With the CoE Starter Kit transitioning to the Power Platform admin center and no longer receiving feature updates, organizations need new approaches to platform governance. The admin center covers inventory, usage, monitoring, and actions through its UI—but it doesn’t expose those capabilities to agents. This connector fills that gap.
This connector wraps 12 Power Platform Admin API operations as MCP tools, letting a Copilot Studio agent handle cross-environment administration from a single conversation.
Architecture
Copilot Studio Agent
| (MCP / JSON-RPC 2.0)
v
Power Platform Admin Connector
| (OAuth2 delegated)
v
api.powerplatform.com
Power Platform Admin API
All logic runs in the connector’s script.csx. No external backend required. The connector forwards the signed-in user’s OAuth token to the Power Platform Admin API, so access follows existing admin role assignments.
This is the fourth connector in the Dataverse family:
| Connector | Target API | Purpose |
|---|---|---|
| Power Platform Admin (this) | api.powerplatform.com |
Cross-environment platform administration |
| Dataverse Power Agent | org.crm.dynamics.com |
Data operations (CRUD, bulk, relationships) |
| Dataverse Power Orchestration Tools | org.crm.dynamics.com |
Dynamic tool discovery with orchestration |
| Dataverse Custom API | org.crm.dynamics.com |
Custom API lifecycle management |
The 12 tools
Environment management
| Tool | Description |
|---|---|
admin_list_environments |
List all environments with capacity metrics, types, states, and Dataverse URLs |
admin_get_environment |
Full details of a specific environment including runtime endpoints and protection status |
admin_get_settings |
Get PPAC management settings (SAS IP rules, audit logging, etc.) |
admin_update_setting |
Update management settings on an environment |
admin_compare_settings |
Compare a setting value across all environments |
Governance and security
| Tool | Description |
|---|---|
admin_get_copilot_governance |
Get Copilot governance features and settings (tenant or environment scope) |
admin_update_copilot_governance |
Update Copilot governance settings |
admin_get_security_recommendations |
Get security recommendations from Power Platform Advisor |
admin_get_cross_tenant_connections |
Cross-tenant connection reports for compliance auditing |
Resource inventory
| Tool | Description |
|---|---|
admin_list_connectors |
List connectors in an environment (certified, custom, virtual, MCP) |
admin_list_apps |
List Power Apps in an environment with owner and sharing status |
Application lifecycle
| Tool | Description |
|---|---|
admin_install_package |
Install a Microsoft application package in an environment |
How each tool works
List and inspect environments
The admin_list_environments tool returns every environment the user can administer—name, type (Production, Sandbox, Developer, Trial, Default), management state, Azure region, Dataverse URL, update cadence, and capacity metrics broken down by Database, File, and Log in MB.
"List all my Power Platform environments"
Use admin_get_environment for full details on a specific environment including runtime endpoints, protection status, retention configuration, and virtual network settings:
"Show me the full details of my production environment"
Read and update PPAC settings
The admin_get_settings tool returns management settings for an environment—toggles like EnableIpBasedStorageAccessSignatureRule, LoggingEnabledForIpBasedStorageAccessSignature, and other PPAC controls.
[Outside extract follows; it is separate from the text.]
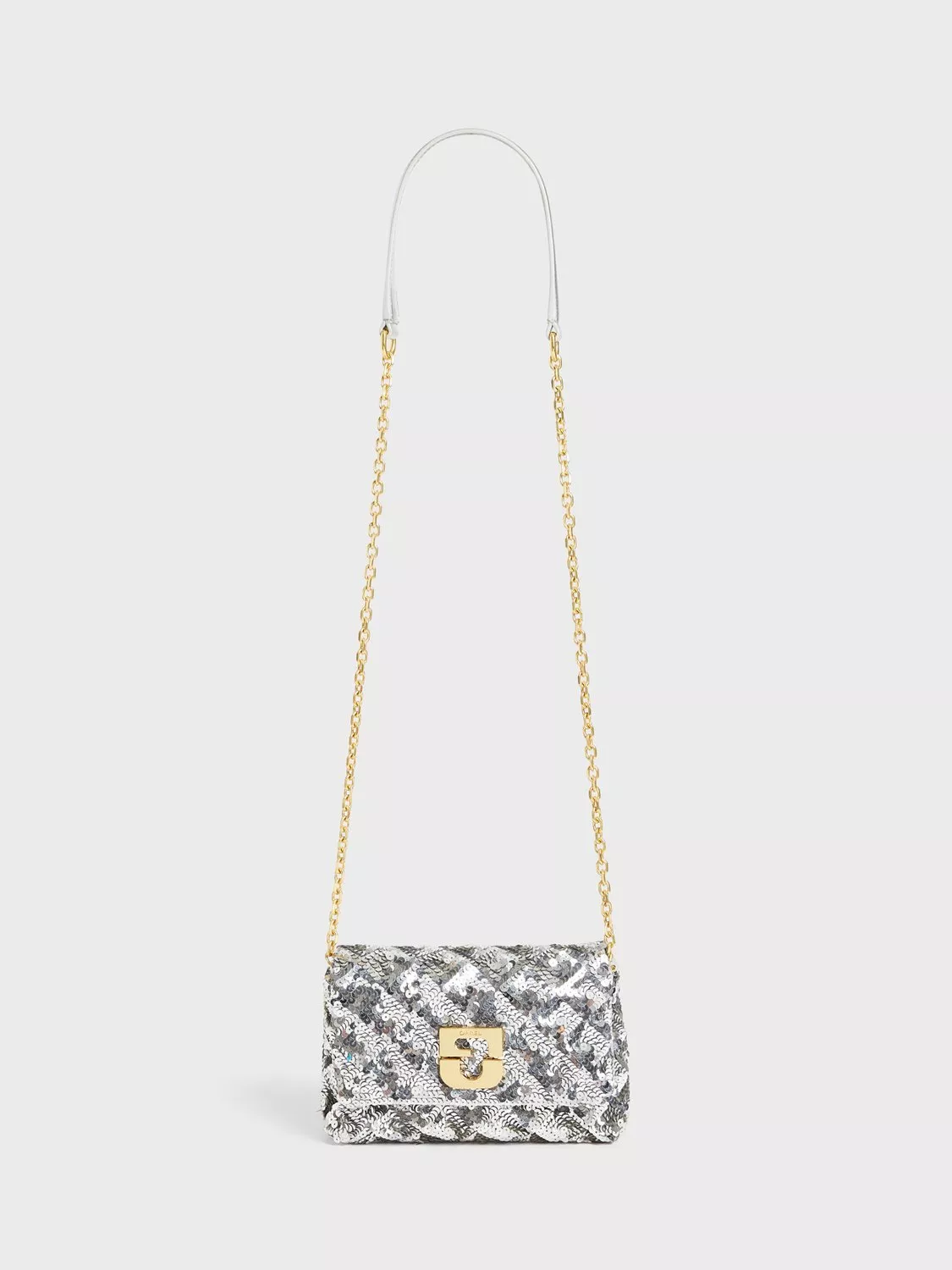 With stylistic focus on its boxy structure, this mini crossbody bag hails from Gerard Darel. Made with leather and covered in sparkling sequins, it's secured with a branded hardware flapover front.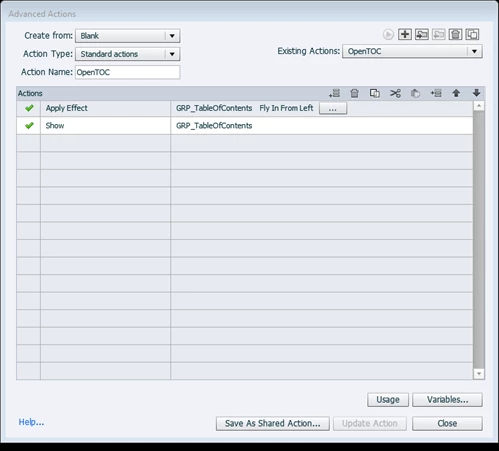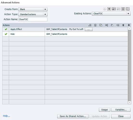 I am using a custom TOC with a button that has a show action and a different button that has a hide action. The show/hide actions work beautifully and I can toggle between them all day on the same slide as desired. However, I'd also like to add an effect. When I add an entrance effect on the show and an exit effect on the hide, it looks great; however, now I can't click the button again right away as I could when it was just show/hide.

Use the optional $select parameter to filter specific settings:
"What are the PPAC settings on my production environment?"
The admin_update_setting tool updates one or more settings. The tool description warns the agent this is a destructive operation, prompting user confirmation before execution:
["description"] = "Update one or more PPAC management settings on an " +
"environment. ... This is a destructive operation — confirm with the " +
"user before executing."
"Enable SAS IP restrictions on environment abc-123"
Compare settings across environments
The admin_compare_settings tool is the most useful environment management tool. It takes a setting name, iterates through every environment, and returns a comparison table showing the value in each one:
"Compare EnableIpBasedStorageAccessSignatureRule across all environments"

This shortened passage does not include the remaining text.